Jit.ArgType.SW_SW_SW
Jit.ArgType.SW_SW
Jit.ArgType.SW
The register passed as an argument is fixed and is as follows.
Mold | 1st argument | 2nd argument | 3rd argument |
---|---|---|---|
Integer | Jit.R0 |
Jit.R1 |
Jit.R2 |
Double | Jit.FR0 |
Jit.FR1 |
Jit.FR2 |
Mold | 1st argument | 2nd argument | 3rd argument |
---|---|---|---|
Integer | Jit.S0 |
Jit.S1 |
Jit.S2 |
Double | Jit.FS0 |
Jit.FS1 |
Jit.FS2 |
Note that the register set by the caller and the register received by the receiver are different.
ConstTarget
Set the label address with setLabel ()
.
It is used when you want to store the label address as an immediate value in a register or memory. Do you have a lot of opportunities to use it? I think it could be a substitute for a jump table, but I haven't prepared a good mechanism for making a table.
By the way, you can set the immediate value with setValue ()
, but I made it possible to normally use Jit.IMM (100)
or even floating point numbers such as Jit.IMM (0.1)

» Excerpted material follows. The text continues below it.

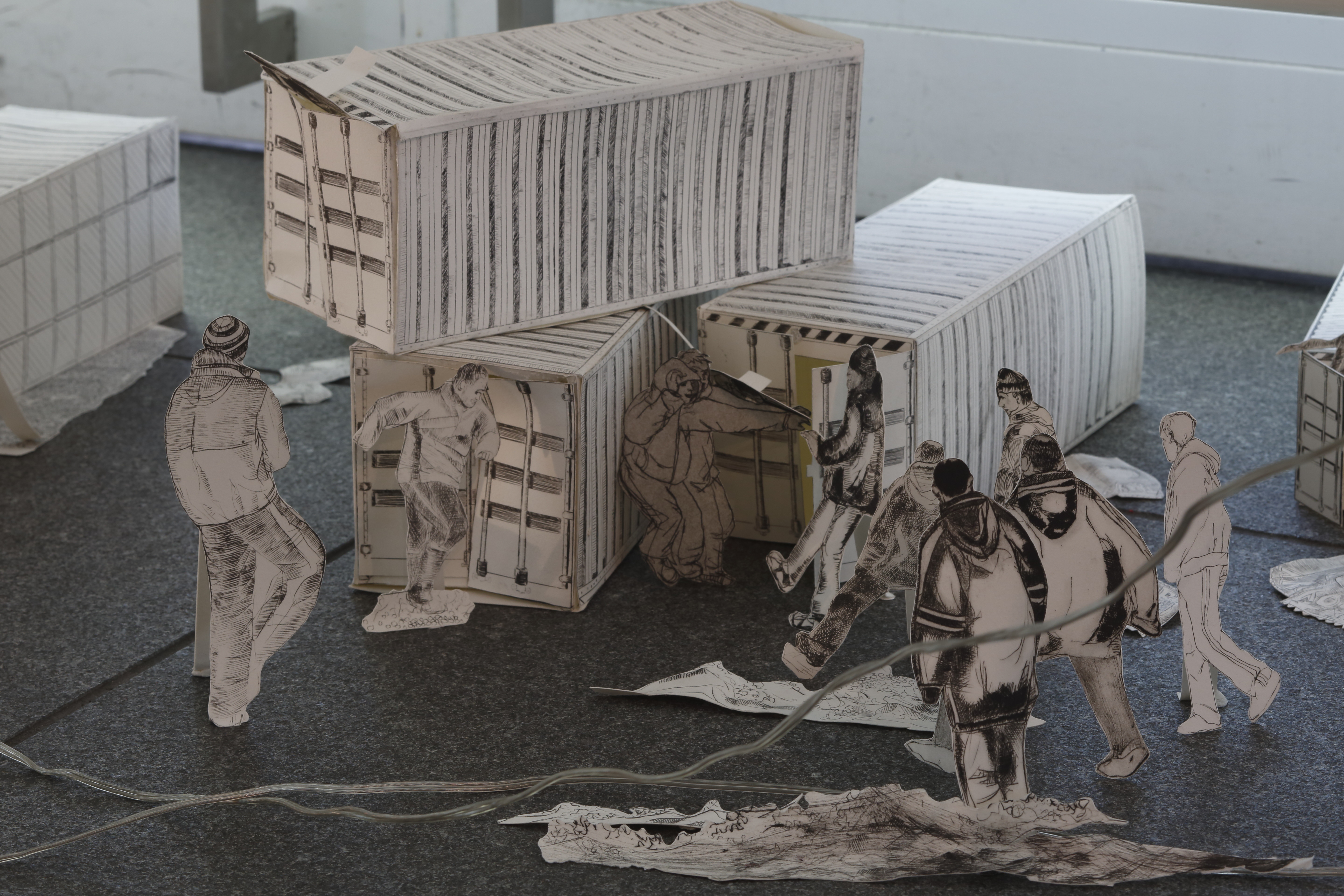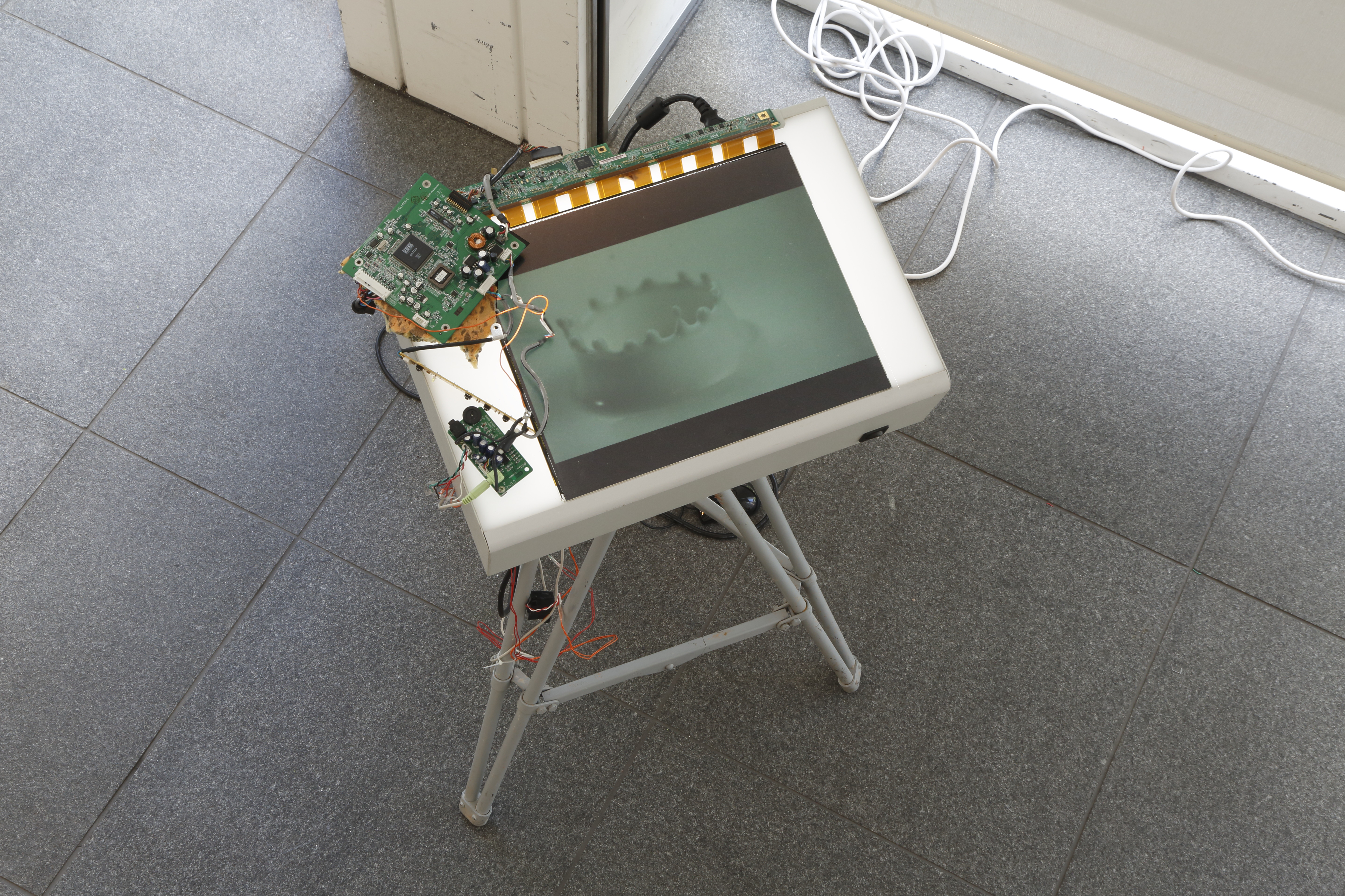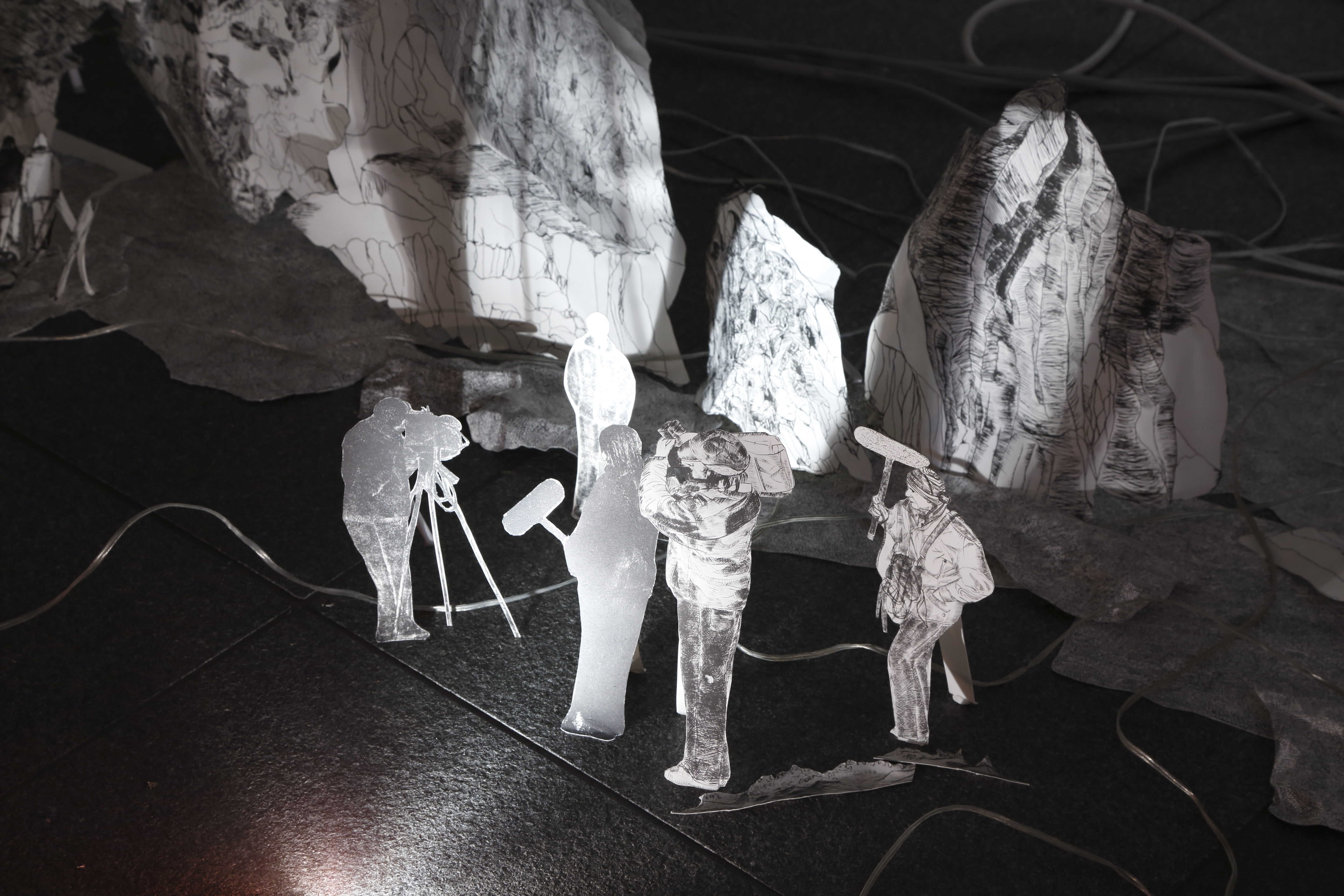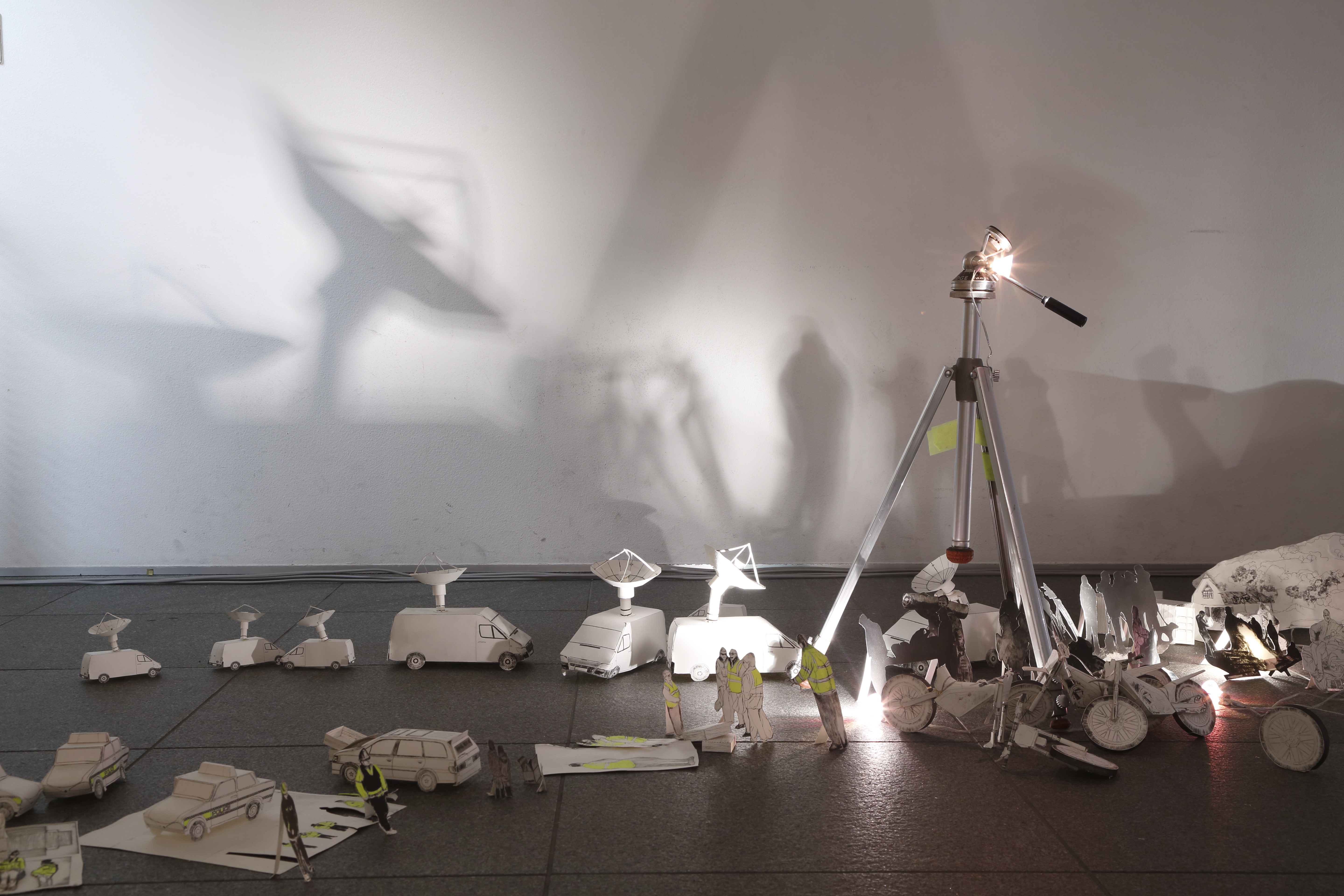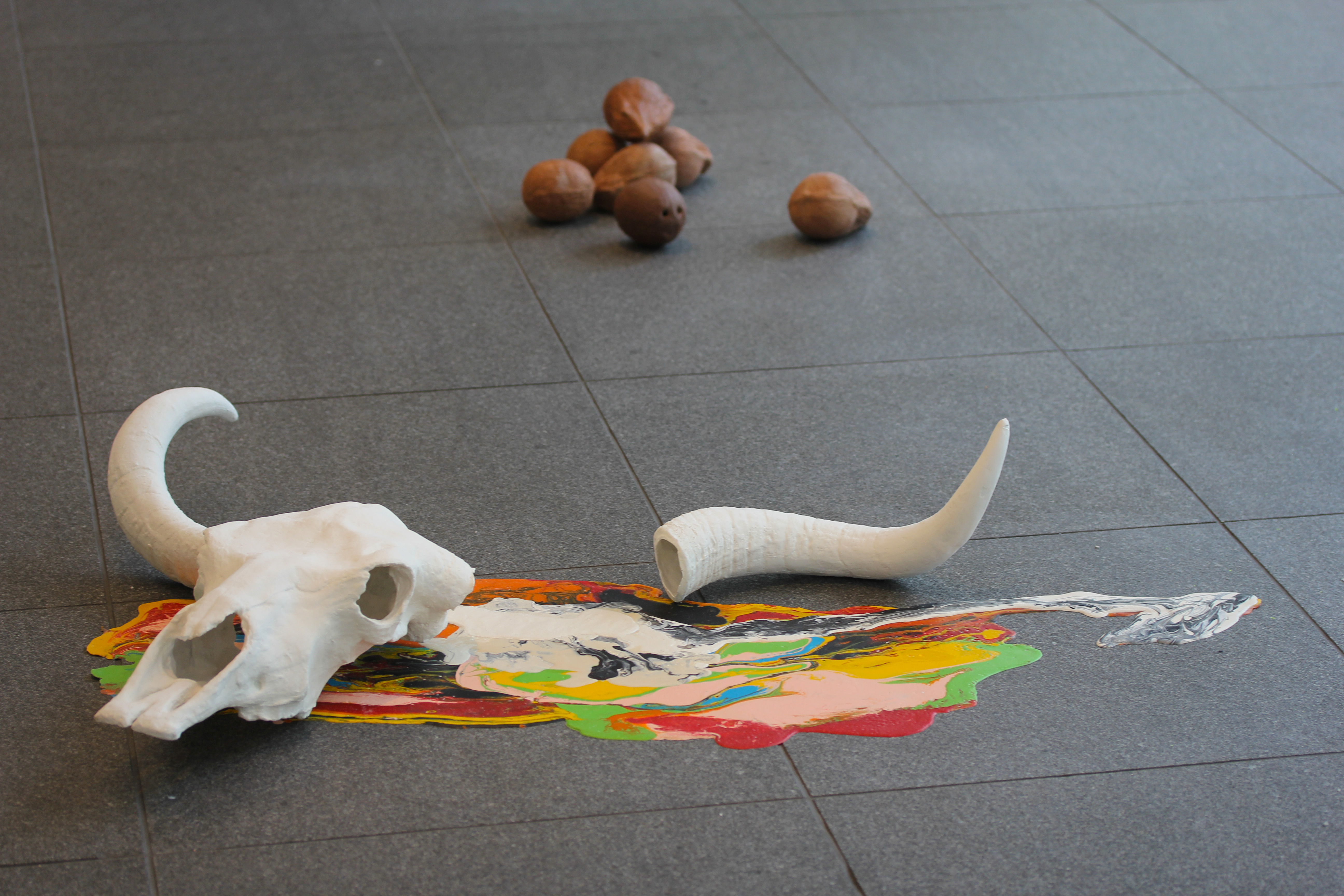 Melanie Jackson has developed a practice that allows her to reflect upon her own implication in larger social systems of circulation and exchange, and the prevailing narratives around everyday commodities that work to normalize our daily consumption of consumer products. Previously she has focused on globalization and popular attitudes towards the new mobility of goods and people, circulating around the world, whilst, in more recent times, her attention has shifted to the mythologies and processes of abstraction that we apply to natural products. Her approach is to try out different tactics of representation, often referencing stories in the media, employing many different techniques, such as drawing, print-making, paper-cutting, origami, sculpture, papier-maché, video, animation, performance, music, installation and other craft traditions, but always keeping her own complicity in the representation of her subject visible, as part of the circulation of meanings around her work. For the Dojima River Biennale, Jackson presented two site-specific installations. In the two-part work, The Undesirables, she referenced simultaneous events taking place in the summer of 2007 along the British coastline in which the subjects of the stories were deemed ‘undesirables’ by the UK authorities and the media. The first part of this installation was made up of a diorama of etchings reconstructing the wreck of the container ship MSC Napoli off the ‘Jurassic’ coast of South Devon, and the ensuing media frenzy as a bonanza of consumer goods were washed up on the shoreline – motorbikes, methyl bromide, flip flops, 3600 xhosa bibles, a tractor, face cream, perfume, etc. The unfettered pleasure of this free-for-all soon gave way to a narrative of contempt towards the public as they plundered and laid claim to the consumer goods that had become common property. In the second part of the installation, an animated video interview with nearby dockworkers documented the lengthy measures taken by the UK authorities to detect illegal immigrants coming into port in lorries and containers, like so much detritus washed up on the currents of global trade. Jackson’s second installation, The Land of the Eternal Infant (commissioned specifically for the Biennale), took the basic foodstuff of milk as its subject matter, incorporating a mixture of wax-clay sculptures of cows’ skulls and coconuts, multi-coloured porcelain and latex spills, a computer animation on a de-constructed screen and a tower of customized consumer products, reflecting on how this staple of everyday life has become a cipher of protracted infancy and postponed desire in contemporary culture. Milk is core to our early development, and socialization, as human beings, but it has also become the basis for a massive process of industrialization and mass-commercialization. As milk is abstracted away from the maternal body, it has been made the subject of numerous mythologies and fantastical associations throughout the course of history. In Japan, the popular milk-based soda drink, Calpis, weaves stories of fermented mare’s milk from the Mongol steppes and the Taranbata festival of the stars into it’s corporate history, with the polka dot design of its products based upon the constellations of the Milky Way. Meanwhile, in Second World War, the photographic documentation of milk droplets and their slow-motion splashes became the basis for the impact theory of bullet trajectories, and were even used to model the detonation of the atomic bomb. Thus, the artist observes, “that which is associated with the establishment of life is re-routed for the purposes of death”[1], abstracted from maternal care to annihilation.
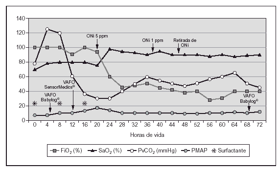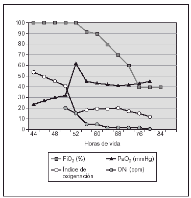 Recién nacido pretérmino de 25 + 6 semanas de edad gestacional y peso al nacimiento de 585 g (percentil 25). Nacido por cesárea por corioamnionitis aguda, con administración prenatal de corticoides y antibióticos. Fue intubado al nacimiento y presentó un test de Apgar de 5 y 7 al minuto y a los 5 minutos, respectivamente. Se aplicó ventilación mecánica convencional desde el nacimiento y se administró la primera dosis de surfactante en los primeros 15 min de vida. El niño desarrolló progresivamente insuficiencia respiratoria hipoxémica a pesar de la VAFO y la administración de dos nuevas dosis de surfactante como queda reflejado en la figura 3. Se inició tratamiento con ONi a las 16 h de vida (FiO2 100 %; PMA 17 cmH2O; delta de presión, 25 cmH2O) con dosis inicial y máxima de 5 ppm, con mejoría de la oxigenación (saturación de oxígeno [SaO2] de 75 % previa al tratamiento con ONi) disminuyendo la FiO2 al 40 %, con SaO2 de 100 %. Tras la estabilización se redujo de manera progresiva la concentración de ONi a 1 ppm hasta su retirada a las 24 h de tratamiento.

. There is not much point in using it.
An example of using it for a jump table will be described later.
JumpTarget
Set the jump destination or the address for the function call with setLabel ()
.
For example, when branching based on the comparison result, it becomes as follows.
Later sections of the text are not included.